All this, of course, is exactly why G.K. Chesterton said: “the Catholic Church is the only thing which saves a man from the degrading slavery of being a child of his age.”

Dare to challenge the false education of the day—grounded in libertinism, socialism, utopianism, pantheism, inclusivity, diversity, syncretism, or pacifism—and you will be branded as xenophobic, Islamophobic, homophobic, transphobic—and probably misogynist and fascist as well.

By and large, academics are nothing if not progressive, nothing if not “truth vandals” (to use Felipe Fernandez-Armesto’s term). Modern education so often teaches the shadow of ethical relativism and not the sun of truth because it subscribes to the first, the fundamental, the forever temptation of regarding the creature as Creator (Rom 1:25).

That temptation is so strong that it insinuates itself into much that we say and hear—and it even, at times, flows from the pens and the tongues of those ordained to resist it and to remind us, with St. Paul, that we must never conform ourselves to the abominations of our times but, rather, seek and do the will of God (cf.
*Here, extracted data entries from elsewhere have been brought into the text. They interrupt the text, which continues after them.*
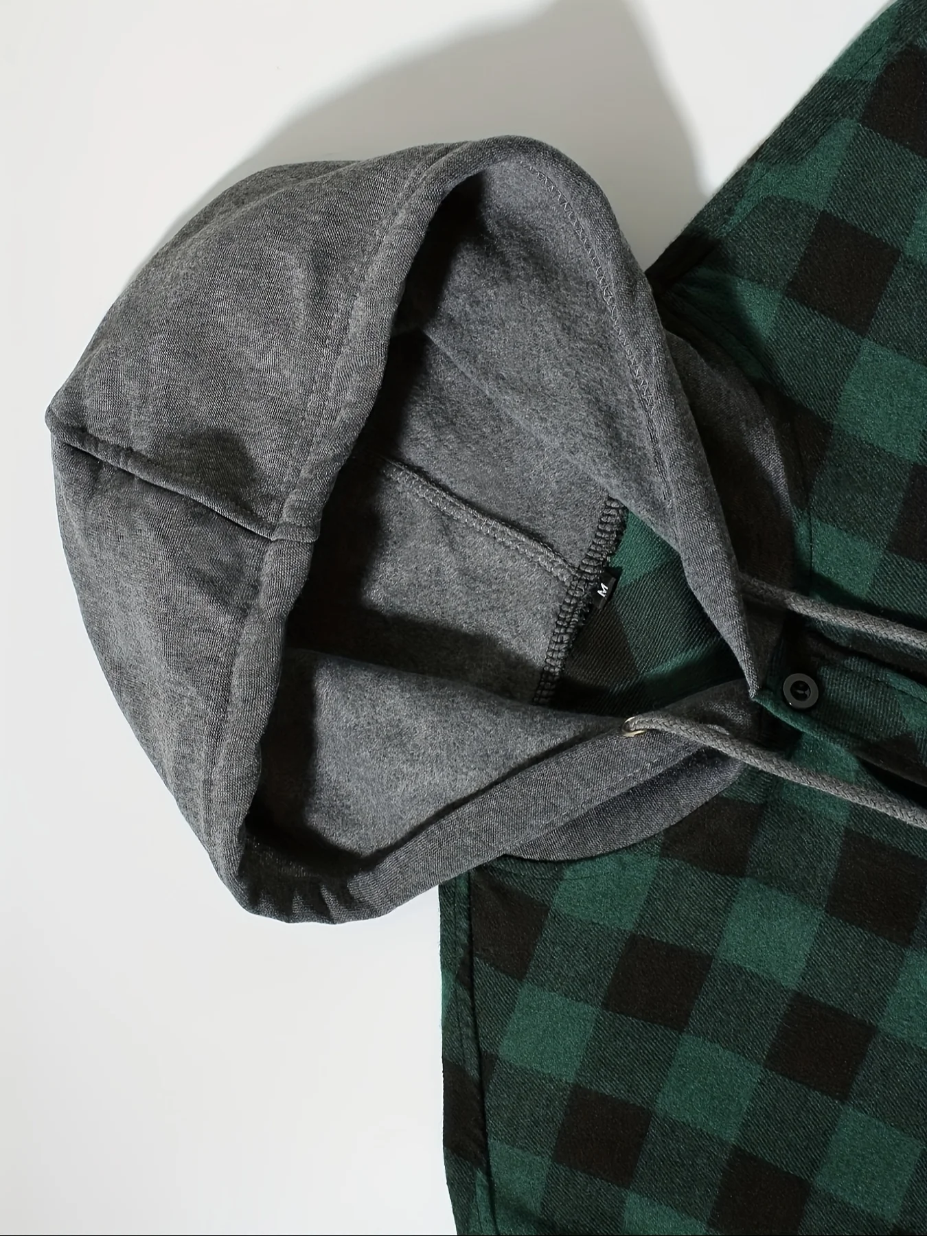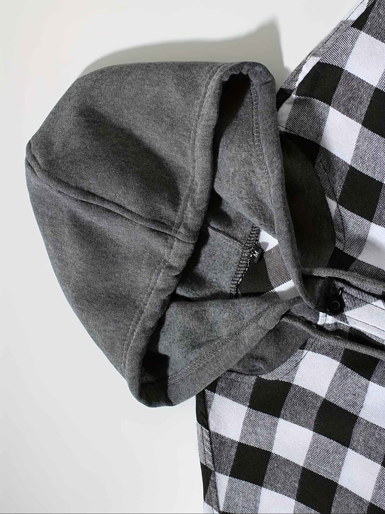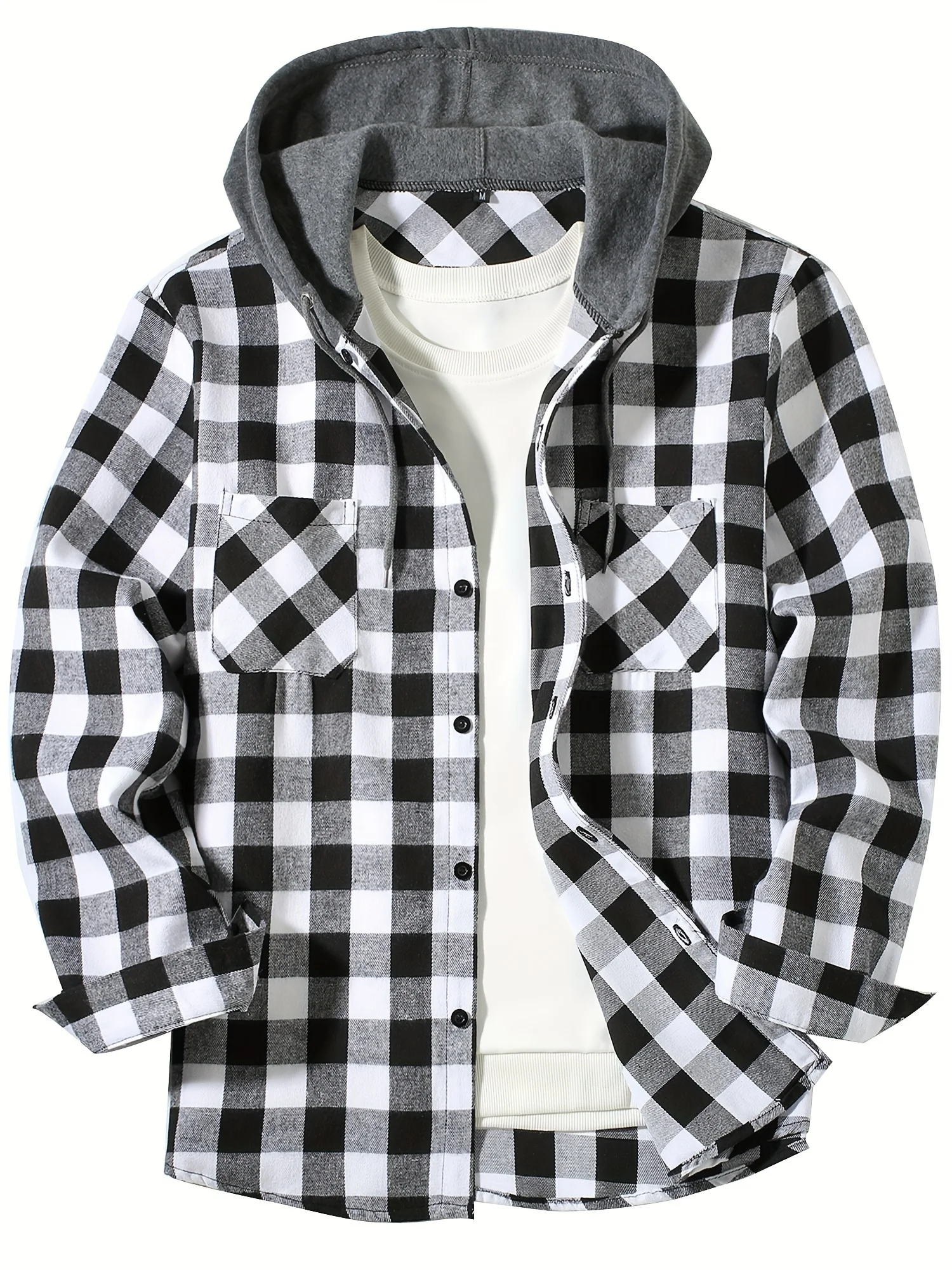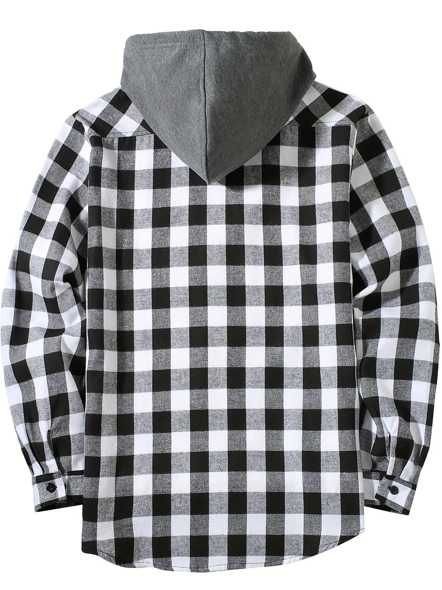 New Coat Spring and Autumn Men's Loose Plaid Hooded Shirt Large Size Fashion Casual Long sleeved Shirt Street StyleS-3XL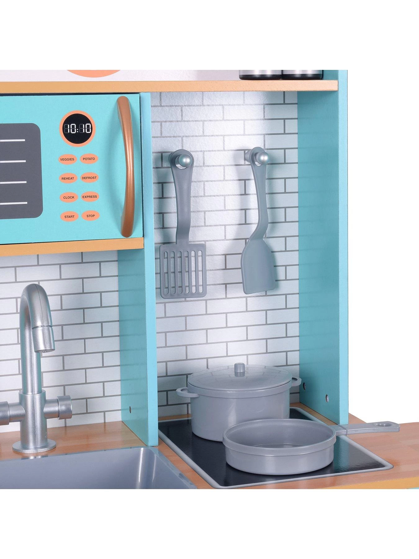 Your little one will be cooking up a storm with this retro-style kids’ wooden kitchen by Teamson! Fully interactive and beautifully made, this compact toy kitchen is bright aqua blue /white and includes seven accessories perfect for encouraging hand eye coordination in a fun and educational way.
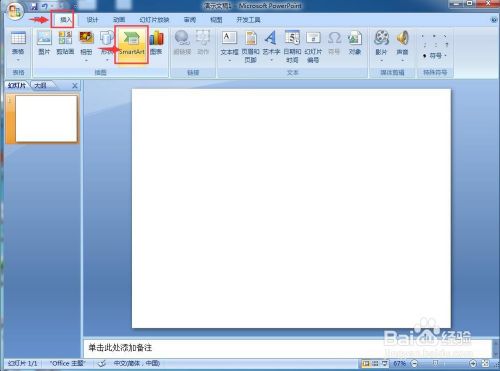 2、点击插入,选择SmartArt东西;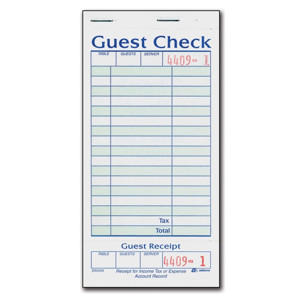 1-Part Guest Check With Stub - 20 Books/50 Checks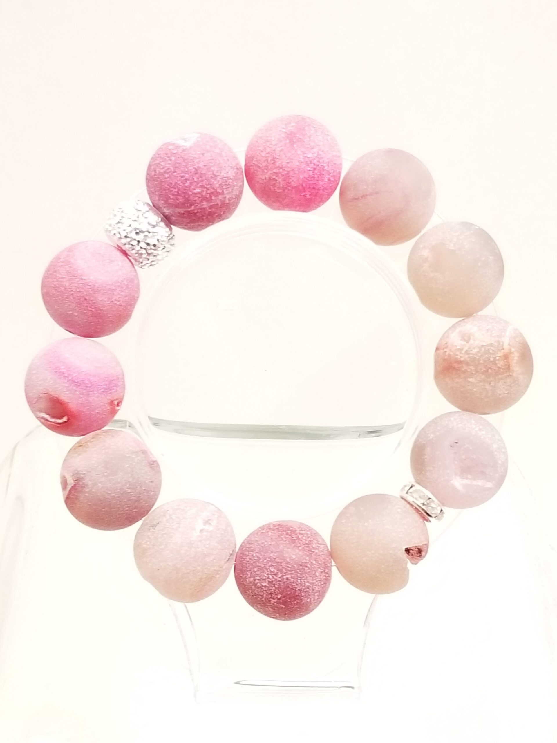 Druzy agate fuchsia pink with charm stretch bracelet.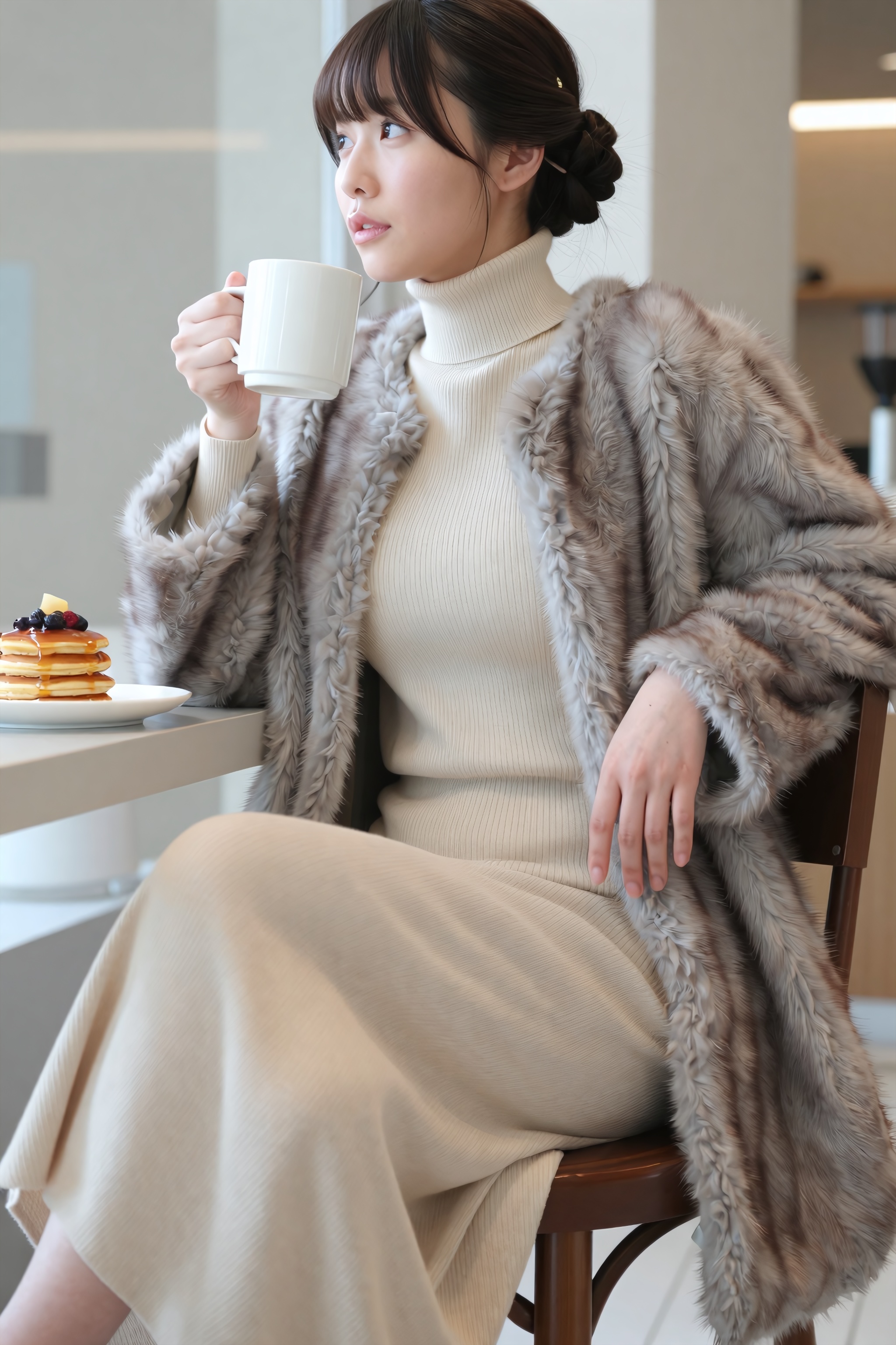 美しい日本人女性。若い日本人女性が、明るくモダンなカフェ内の木製の椅子に優雅に座り、右手に白い陶器のマグカップを持ち、シロップとフルーツがトッピングされた金色のパンケーキの皿の横のカウンターに左腕を置いています。彼女は、肩にそっとかかる豪華なライトグレーのフェイクファーコートを着ており、クリーム色のリブ編みのタートルネックセーターと、足首までエレガントに流れるお揃いのロングスカートを合わせています。。高画質でフリーのNightStock素材です。商用利用可能・クレジット表記不要。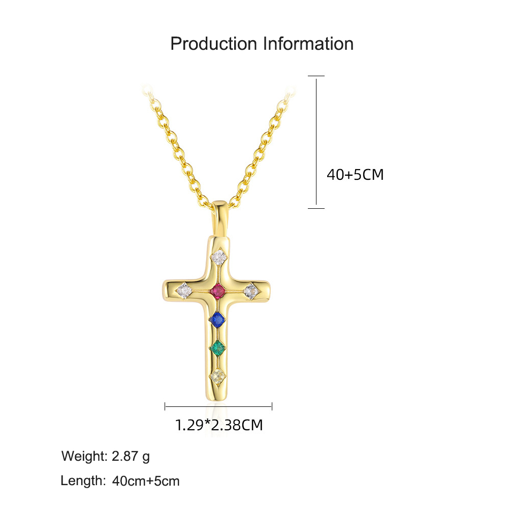 925 Sterling Silver Rainbow CZ Cross Charm Double Chain Necklace 80200522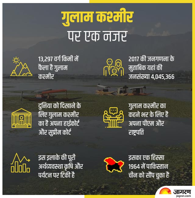 आगे बढ़ने से पहले आपको गुलाम कश्मीर के बारे में कुछ और जानकारी भी दे देते हैं। 13,297 वर्ग किमी में फैले गुलाम कश्मीर की जनसंख्या की बात करें तो 2017 के आंकड़ों के मुताबिक, यह 4,045,366 है। दुनिया को दिखाने के लिए गुलाम कश्मीर का अपना हाईकोर्ट और सुप्रीम कोर्ट भी है। इस इलाके की पूरी अर्थव्यवस्था कृषि और पर्यटन पर टिकी है। गिलगिट बाल्टिस्तान से लगते इसके एक इलाके को पाकिस्तान ने 1963 में चीन को सौंप दिया था। यह इलाका फिलहाल चीन की शिनजियांग उइगर प्रोविंस का हिस्सा है।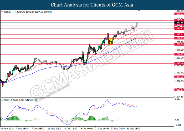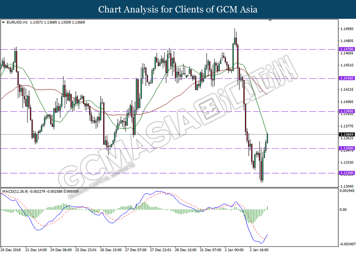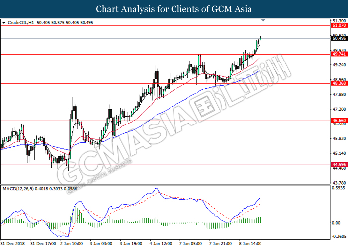 For the commodities market, crude oil price surged by 1.47% to $50.50 amid recovered hopes on easing of trade wars as US and China met up for trade negotiations two days ago. Investors are bidding on a positive outcome which will further increase the demand for crude oil. Further supporting the oil prices was OPEC’s production cut effective since 1st January to balance the price and inventory of crude oil. On the other hand, gold price edged higher by 0.06% to $1285.85 amid dollar fall.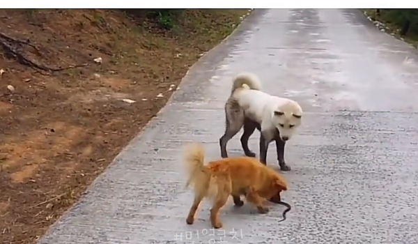 길에서 뱀을 마주친 시골 강아지의 반응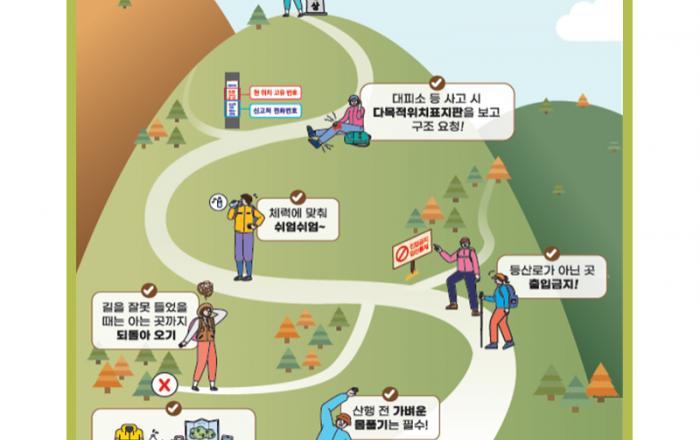 10월은 야외활동하기 좋은 청명한 날씨와 단풍 구경 등으로 산을 찾는 사람이 늘어나면서 등산 사고 발생 위험이 높다. 등산 사고의 주요 원인으로는 발을 헛디디며 발생하는 실족 사고와 길을 잃고 헤매는 조난 사고, 지병 등 신체질환으로 인한 사고 등이 발생한다. 또한 해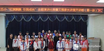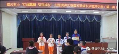 密云区第五小学“文雅家长讲堂”开讲啦!第一讲,邀请了二(1)班郭奕宸的妈妈,她是密云电视台新闻栏目主持人,为同学们讲授演讲的基础知识。如何利用气息和发音、感情、韵律、节奏、语气变化等来表现丰富的情绪,并加入协调有节的肢体语言做辅助,王老师们为在场的同学们做了示范,大家很兴奋,学习了演讲的学问和技巧,也发现了咬文嚼字的乐趣,热情高涨的孩子们用学习到的知识和技能用到了课堂学习和课外阅读中。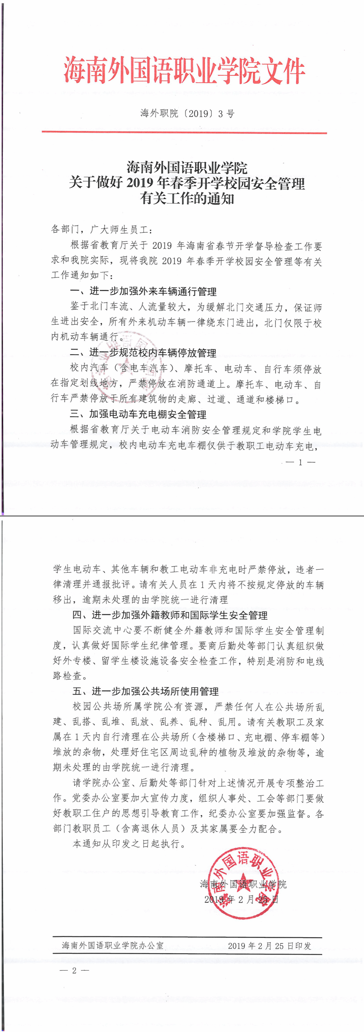关于做好2019年春季开学校园安全管理有关工作的通知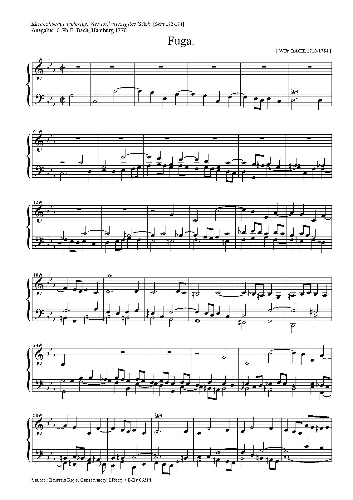 | Authorship Note Formerly misattributed to J.C.F. Bach or W.F. Bach, this fugue has recently been confirmed as the work of J.P. Kellner. |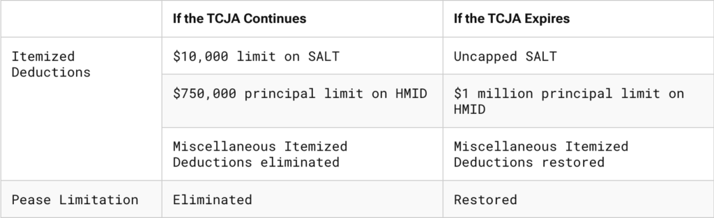 Personal Exemptions were eliminated in the TCJA but will be restored if policy sunsets. These were deductions available at the family level for the taxpayer(s) and their dependents. Child Tax Credits are also expected to be a large negotiation piece. Both personal exemptions and child tax credits are subject to reduction in availability at higher income levels.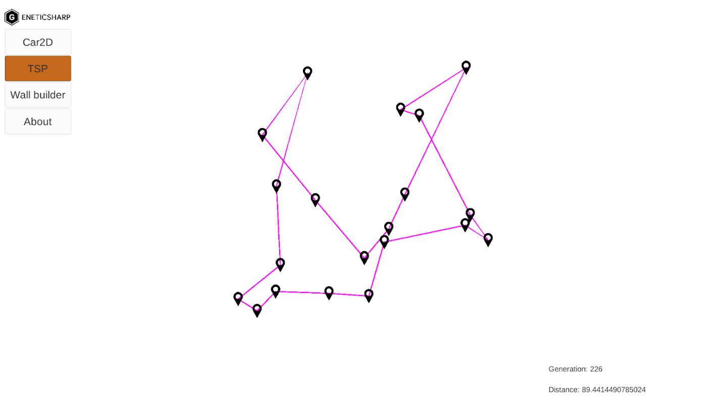 Unity3d'de çalışan GeneticSharp'ı gösteren örnekler: Car2d, TSP ve Duvar oluşturucu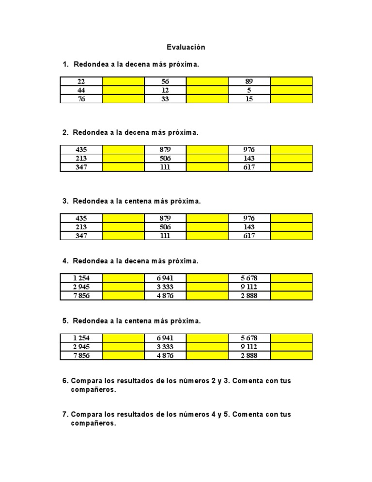 El documento presenta varios ejercicios de redondeo de números a la decena y centena más próxima. Los estudiantes deben redondear números individuales en las secciones 1-5 y comparar los resultados de las secciones pares e impares para comentar las diferencias con sus compañeros.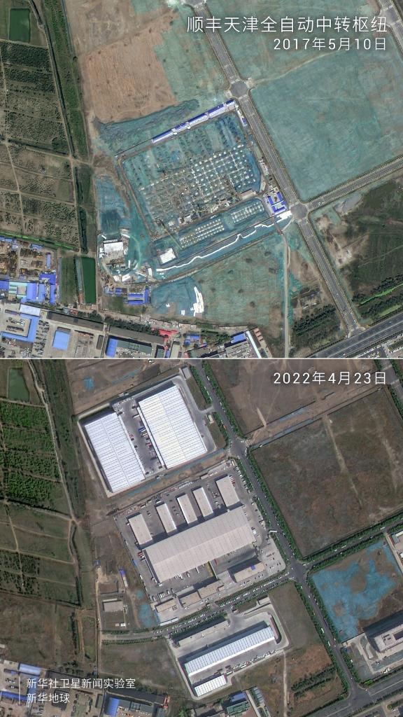 圖為衛星拍攝的順豐天津全自動中轉樞紐前后對比圖。

Rom 12:1-3), which we know through the Magisterium of the Church.

One wishes it were otherwise, but donning a biretta or a zucchetto is never a guarantee of wisdom (cf. Is 47:10, Jer 8:9, 1 Cor 1:19-20). At its best and wisest, however, the Church is always our Mother and our Teacher, for the Church, with Job, hears God: “To be wise, you must have reverence for the Lord. To understand, you must turn from evil” (28:28).

By Deacon James H. Toner
Deacon James H. Toner, Ph.D., is Professor Emeritus of Leadership and Ethics at the U.S. Air War College, a former U.S. Army officer, and author of Morals Under the Gun and other books. He has also taught at Notre Dame, Norwich, Auburn, the U.S. Air Force Academy, and Holy Apostles College & Seminary. He serves in the Diocese of Charlotte.